== Task ==
Could you restate word for word the lines running from the one with "4. Tentýž ledovcový" to the end of the data, both ends included, but without pictures?
########
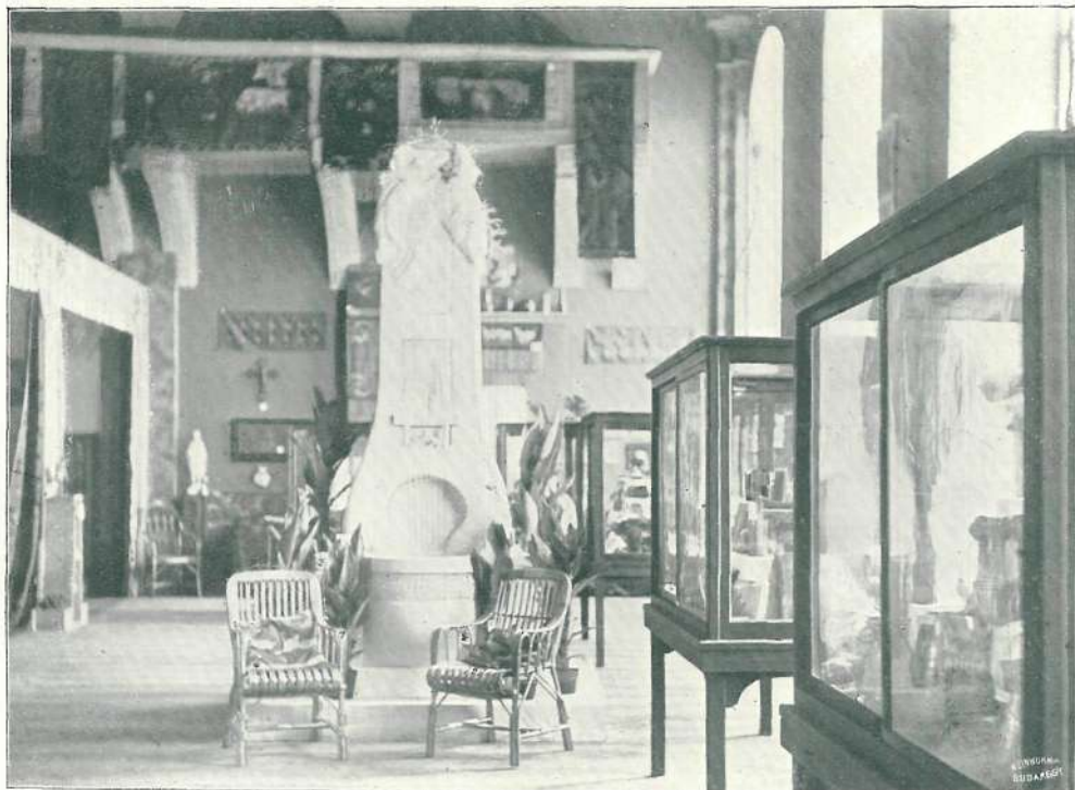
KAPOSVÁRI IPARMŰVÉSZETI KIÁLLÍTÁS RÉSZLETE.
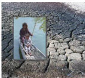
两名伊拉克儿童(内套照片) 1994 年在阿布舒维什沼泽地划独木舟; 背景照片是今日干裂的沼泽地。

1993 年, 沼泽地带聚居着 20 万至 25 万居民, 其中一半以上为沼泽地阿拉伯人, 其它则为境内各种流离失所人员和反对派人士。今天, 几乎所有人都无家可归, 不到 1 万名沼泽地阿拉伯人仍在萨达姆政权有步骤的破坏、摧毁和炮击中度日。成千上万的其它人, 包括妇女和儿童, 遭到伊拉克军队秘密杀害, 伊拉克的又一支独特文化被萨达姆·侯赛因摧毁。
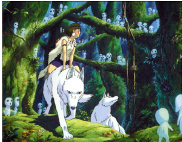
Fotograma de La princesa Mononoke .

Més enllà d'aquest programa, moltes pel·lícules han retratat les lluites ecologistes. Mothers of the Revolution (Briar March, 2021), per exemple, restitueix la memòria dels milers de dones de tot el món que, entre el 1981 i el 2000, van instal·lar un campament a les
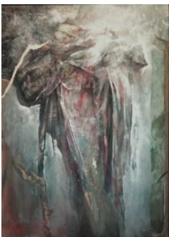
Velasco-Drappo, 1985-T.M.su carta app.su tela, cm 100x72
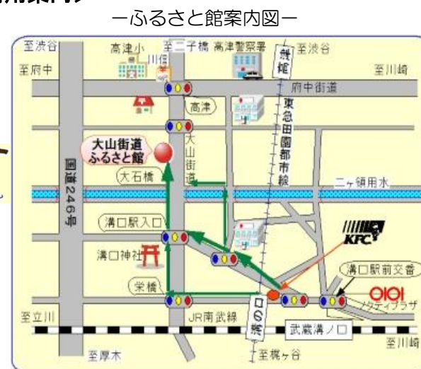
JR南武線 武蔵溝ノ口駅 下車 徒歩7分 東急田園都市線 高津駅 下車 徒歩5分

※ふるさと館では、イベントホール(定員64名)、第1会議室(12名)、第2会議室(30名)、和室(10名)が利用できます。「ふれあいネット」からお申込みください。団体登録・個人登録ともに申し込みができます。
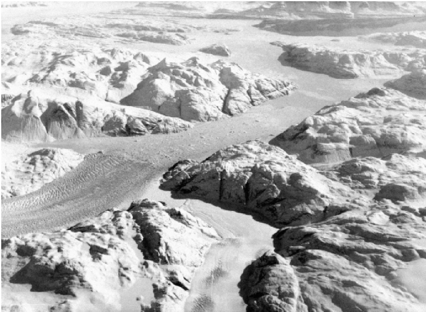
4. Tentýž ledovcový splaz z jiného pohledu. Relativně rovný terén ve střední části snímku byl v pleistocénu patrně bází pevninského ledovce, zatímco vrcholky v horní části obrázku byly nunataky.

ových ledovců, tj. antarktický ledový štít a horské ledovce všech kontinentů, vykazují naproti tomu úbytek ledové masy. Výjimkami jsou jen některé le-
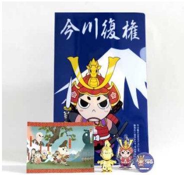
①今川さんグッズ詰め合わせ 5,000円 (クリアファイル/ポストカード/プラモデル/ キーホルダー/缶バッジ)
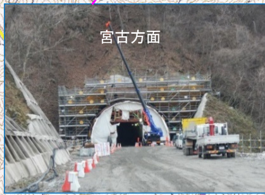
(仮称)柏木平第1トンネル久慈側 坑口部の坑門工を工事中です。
########
== Output ==
4. Tentýž ledovcový splaz z jiného pohledu. Relativně rovný terén ve střední části snímku byl v pleistocénu patrně bází pevninského ledovce, zatímco vrcholky v horní části obrázku byly nunataky.

ových ledovců, tj. antarktický ledový štít a horské ledovce všech kontinentů, vykazují naproti tomu úbytek ledové masy. Výjimkami jsou jen některé le-
①今川さんグッズ詰め合わせ 5,000円 (クリアファイル/ポストカード/プラモデル/ キーホルダー/缶バッジ)
(仮称)柏木平第1トンネル久慈側 坑口部の坑門工を工事中です。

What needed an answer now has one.